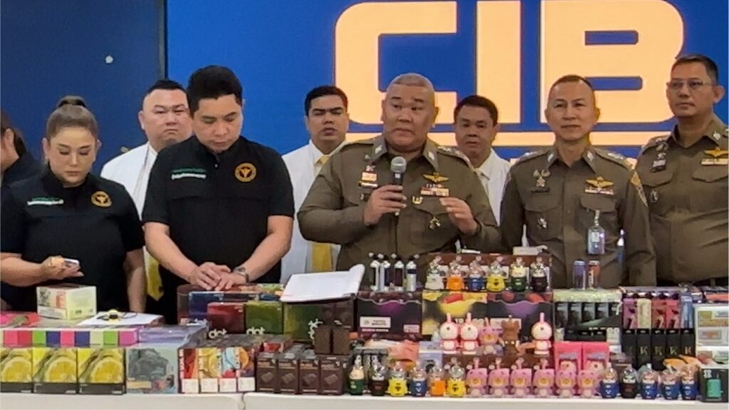 ตำรวจกองบังคับการปราบปรามการกระทำความผิดเกี่ยวกับการคุ้มครองผู้บริโภค แถลงผลปฏิบัติการผู้ลักลอบจำหน่ายบุหรี่ไฟฟ้าช่องทางออนไลน์รายใหญ่ในพื้นที่ภาคเหนือ ยึดของกลาง 31,790 ชิ้น รวมมูลค่าประมาณ 10 ล้านบาท
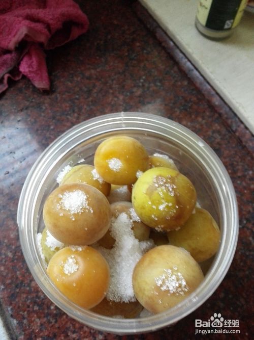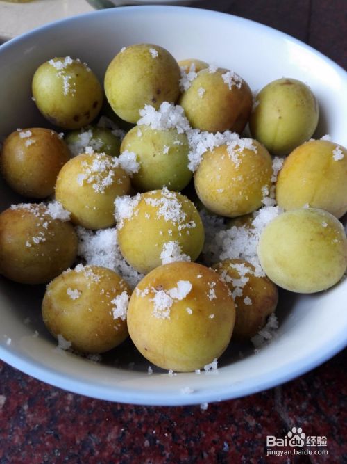 在晾干的青梅上撒大量盐腌制,过两个小时看到出水,表皮也变皱后,则加水淹过青梅,并放在阴凉处放上一天。
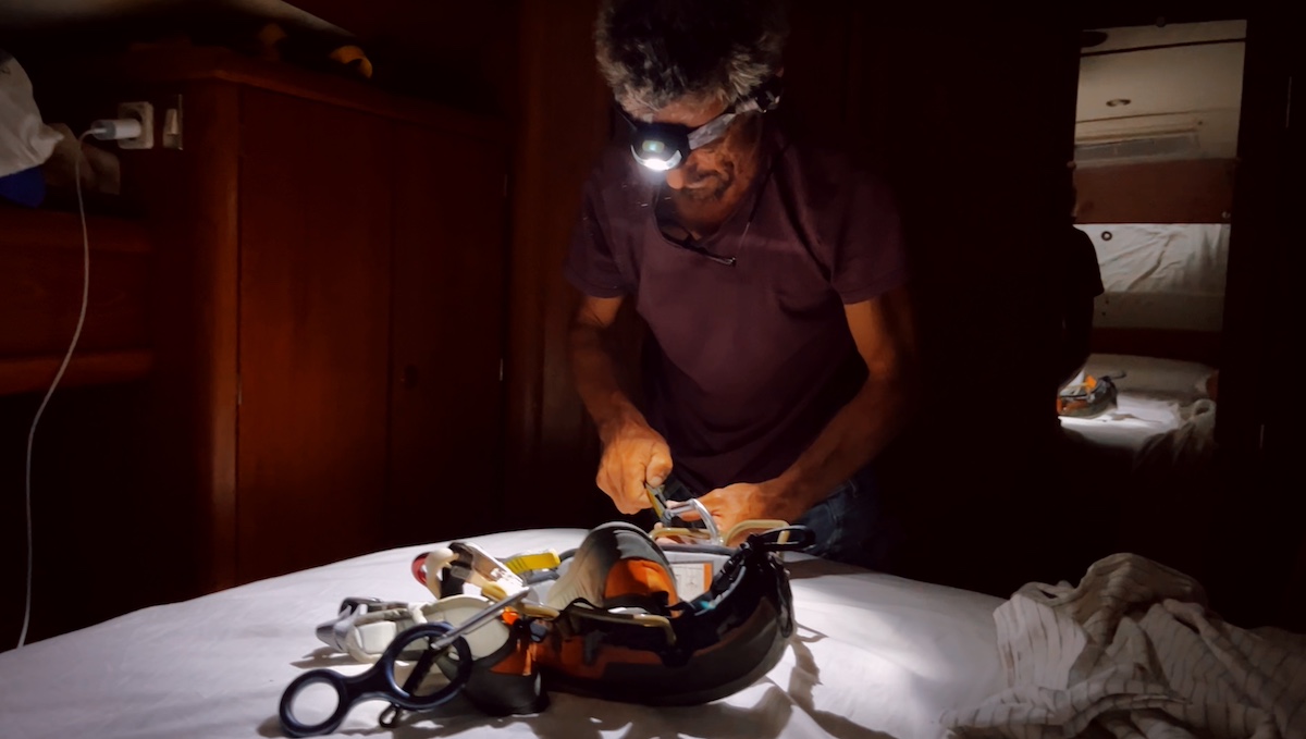En Murcia hicimos una parada de tres días en el Club Náutico Villa de San Pedro en la que nuestro patrocinador, Jean Paul Sails, nos hizo el favor de recibir durante los días previos a nuestra llegada varios paquetes para nosotros, por lo que pudimos instalar, por fin, la antena Starlink con un soporte para caña de pescar y un adaptador de tubo disponible en la propia web del fabricante. Además, hicimos una revisión y puesta a punto de la jarcia.
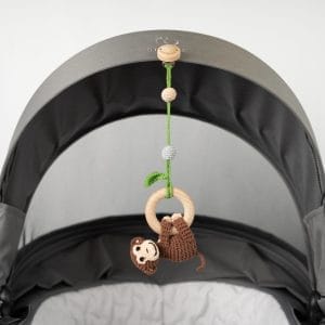 Äffchen CHARLIE 🐒 ist dreifach stark: als Spielbogenanhänger, Beißring und Kinderwagenanhänger. 3in1 – immer dabei, für glückliche Babys 👶 auf jeder Fahrt!
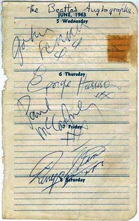 コメント・・・1963年に書かれたビートルズ4人のサインです。
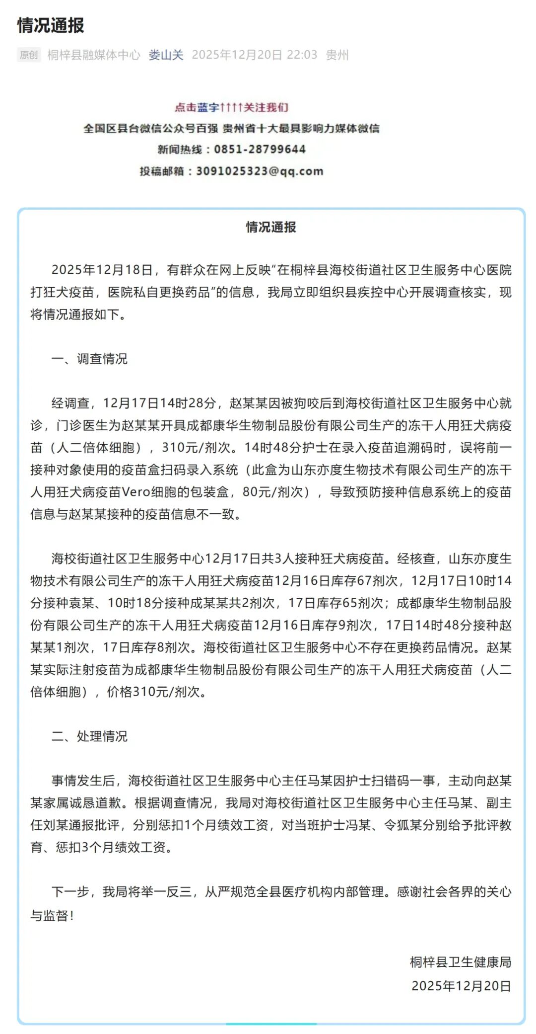 12月20日,贵州桐梓县卫生健康局发布情况通报:
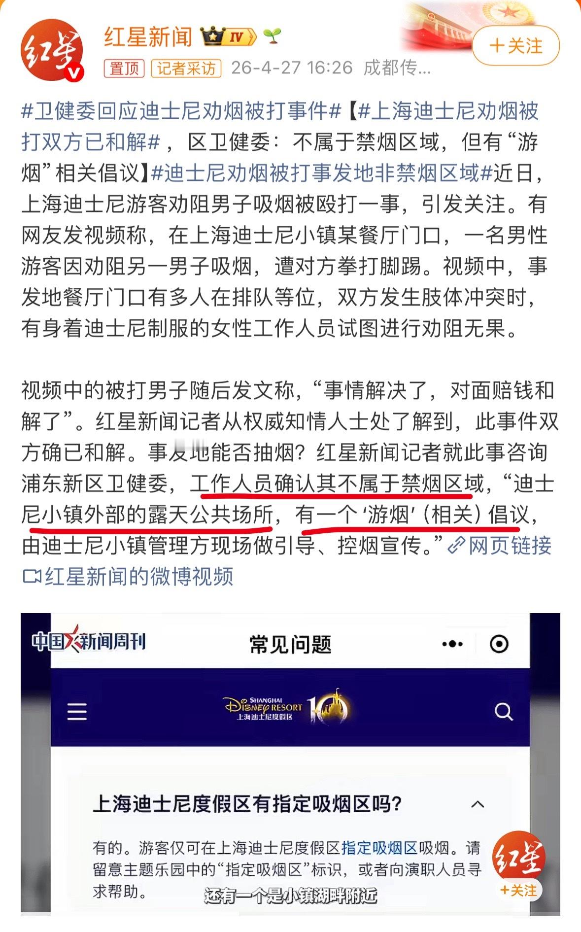 卫健委回应迪士尼劝烟被打事件搞了半天,是非禁烟区域,迪士尼小镇外部露天场所。。。
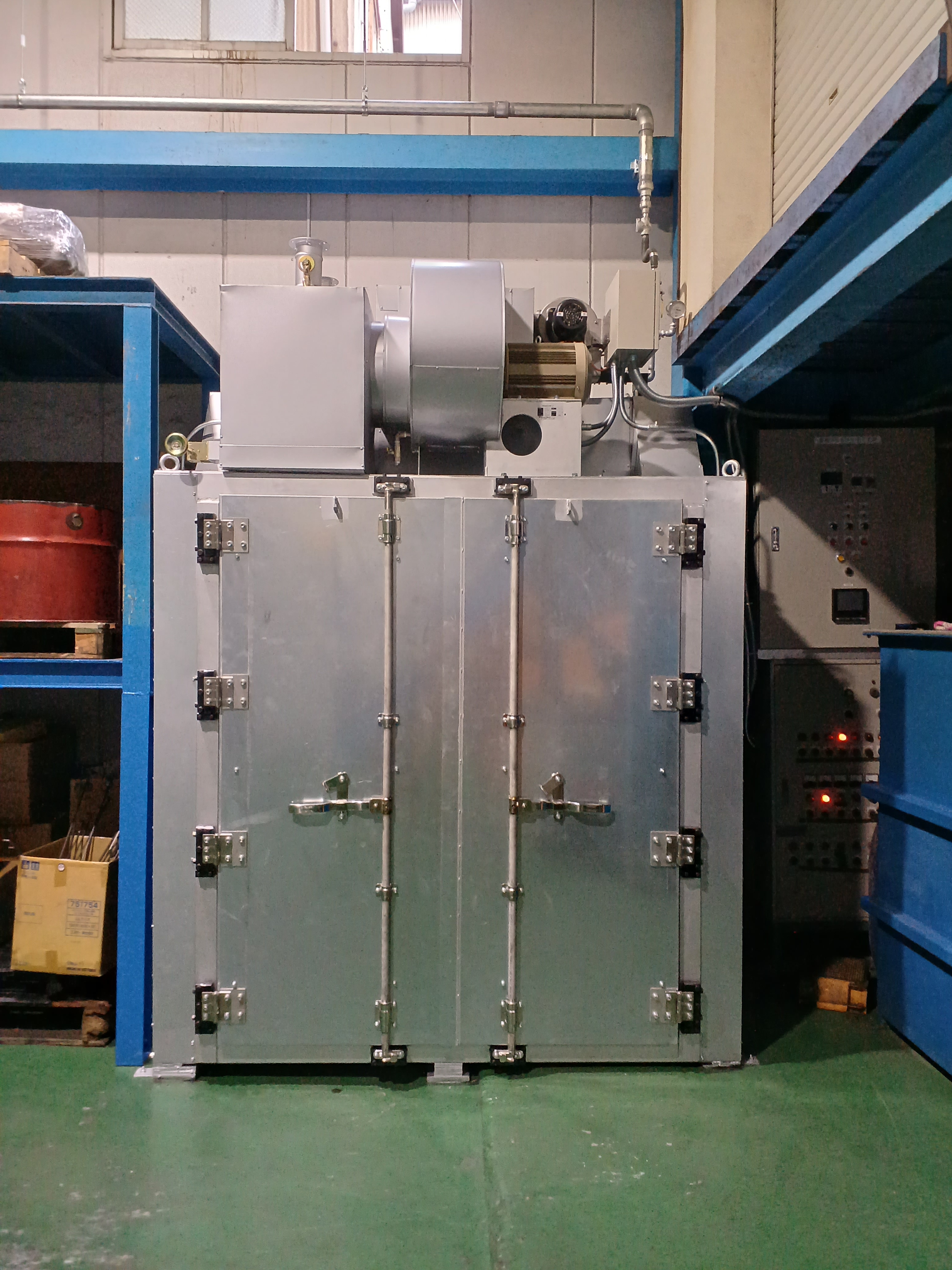 ガス式乾燥炉は、主に炉本体(チャンバー)、熱源となるガスバーナー、炉内の空気を循環させるための循環ファン、そして燃焼ガスを排出する排気ダクトといった要素から成り立っています。
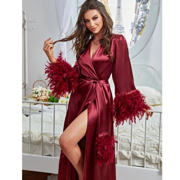 Robe de Chambre Longue en Satin Rouge Bordeaux avec Plumes – Élégance et Raffinement
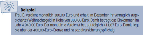 Auch Minijobber haben Anspruch auf Urlaubs- und Weihnachtsgeld, wenn dies im Tarif- oder Arbeitsvertrag festgelegt ist. Wird durch die Zahlung von Urlaubs- oder Weihnachtsgeld die 400-Euro-Grenze überschritten, wird die Beschäftigung sozialversicherungspflichtig.
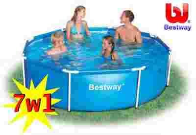 Klasyczny basen stelażowy marki Bestway. Wykonany z wytrzymałego, trójwarstwowego PCV.
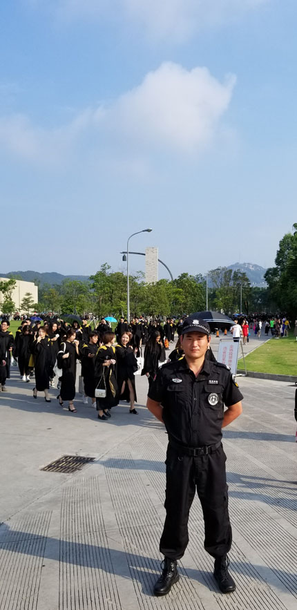我司鐵保宏泰保安公司出動數(shù)十名保安人員到汕頭大學(xué)為2018畢業(yè)典禮安保護(hù)衛(wèi)做貢獻(xiàn)。
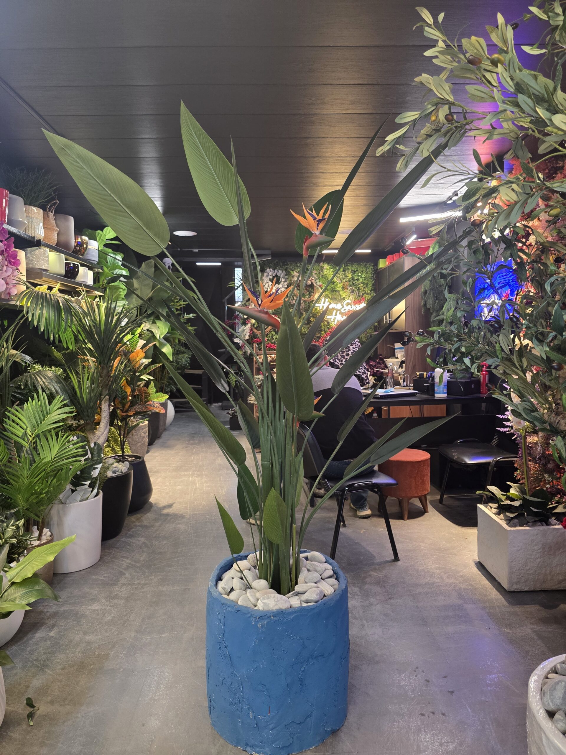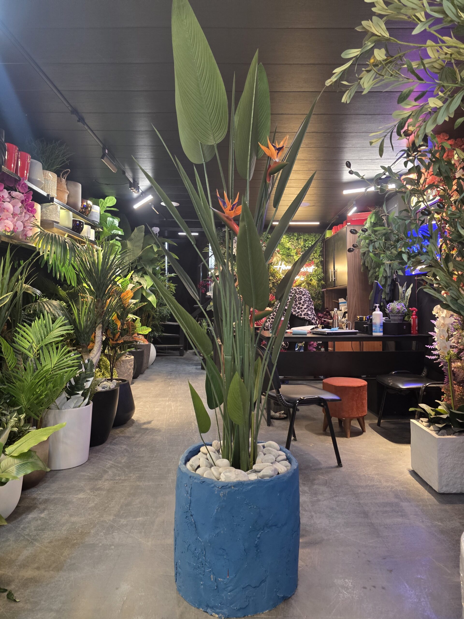 Our Birds of Paradise tree is a striking greenery statement designed to elevate both residential and commercial spaces. With its sculptural silhouette and lush tropical leaves, it brings height, movement, and a refined natural presence to any interior or covered outdoor environment.
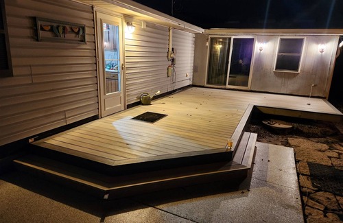 This home is approximately one hour from Green Bay. Just fifteen minutes from EAA in Oshkosh , ten minutes away from Fond du Lac . Green Lake is about 30 minutes and Ripon is 20 minutes Stay comfortably in Eldorado at this 2-bedroom house with a large country lot, featuring spacious new deck with gas grill, fire pit, flower beds and garden. There is a Gazebo, and three seasons room open in warmer weather. The bedrooms feature a pleasant king bed and a lovely queen bed. Enjoy the tranquil living room with an additional queen sofa sleeper. This property also includes a bathroom with a hair dryer and high rise toilet and skylight. Book now and enjoy everything this house has to offer.
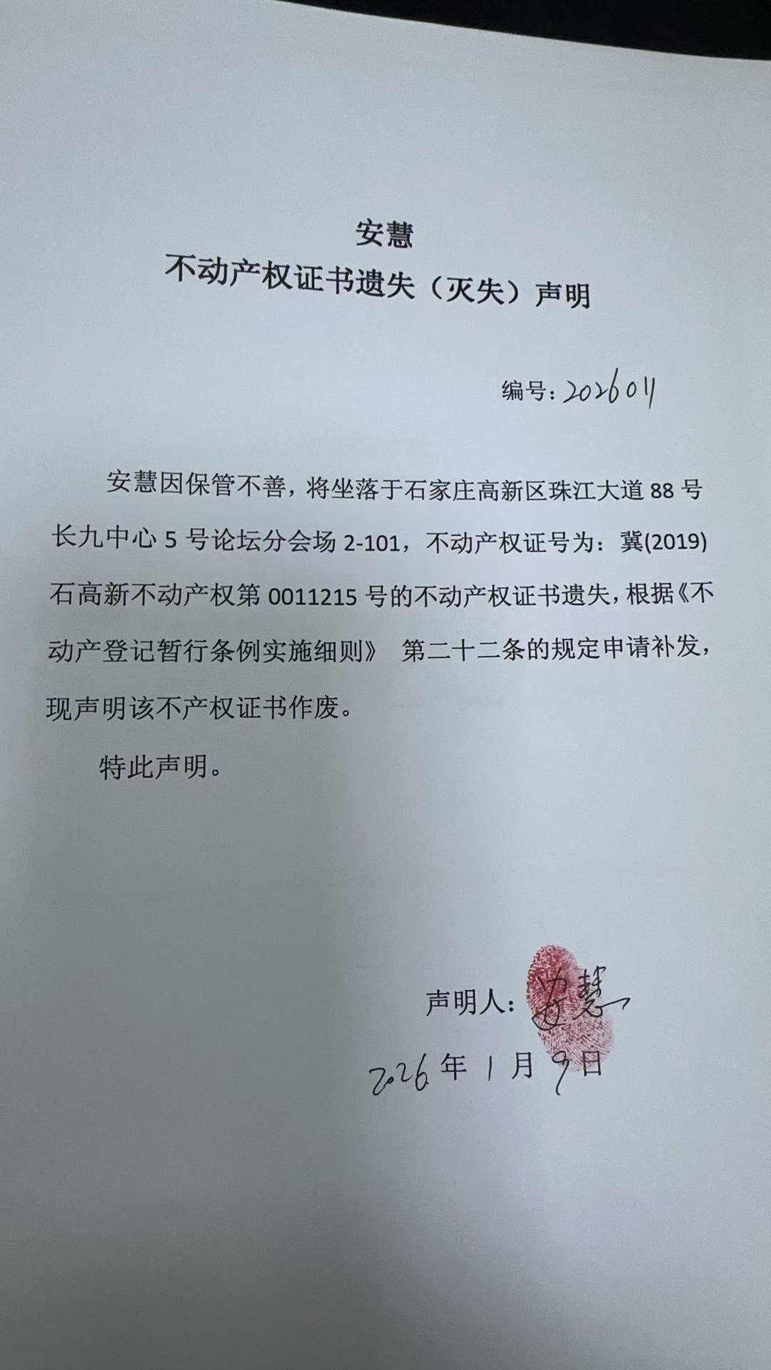 安慧不动产权证书遗失(灭失)声明(编号:2026011)

+ + + +

▶ PROBLEM REQUIREMENTS:
May I have only the lines from the start of the data through the line containing "在晾干的青梅上撒大量盐腌制,过两个小时看", both included, reproduced exactly and without the pictures?

▶ YOUR RESPONSE:
 ตำรวจกองบังคับการปราบปรามการกระทำความผิดเกี่ยวกับการคุ้มครองผู้บริโภค แถลงผลปฏิบัติการผู้ลักลอบจำหน่ายบุหรี่ไฟฟ้าช่องทางออนไลน์รายใหญ่ในพื้นที่ภาคเหนือ ยึดของกลาง 31,790 ชิ้น รวมมูลค่าประมาณ 10 ล้านบาท
 在晾干的青梅上撒大量盐腌制,过两个小时看到出水,表皮也变皱后,则加水淹过青梅,并放在阴凉处放上一天。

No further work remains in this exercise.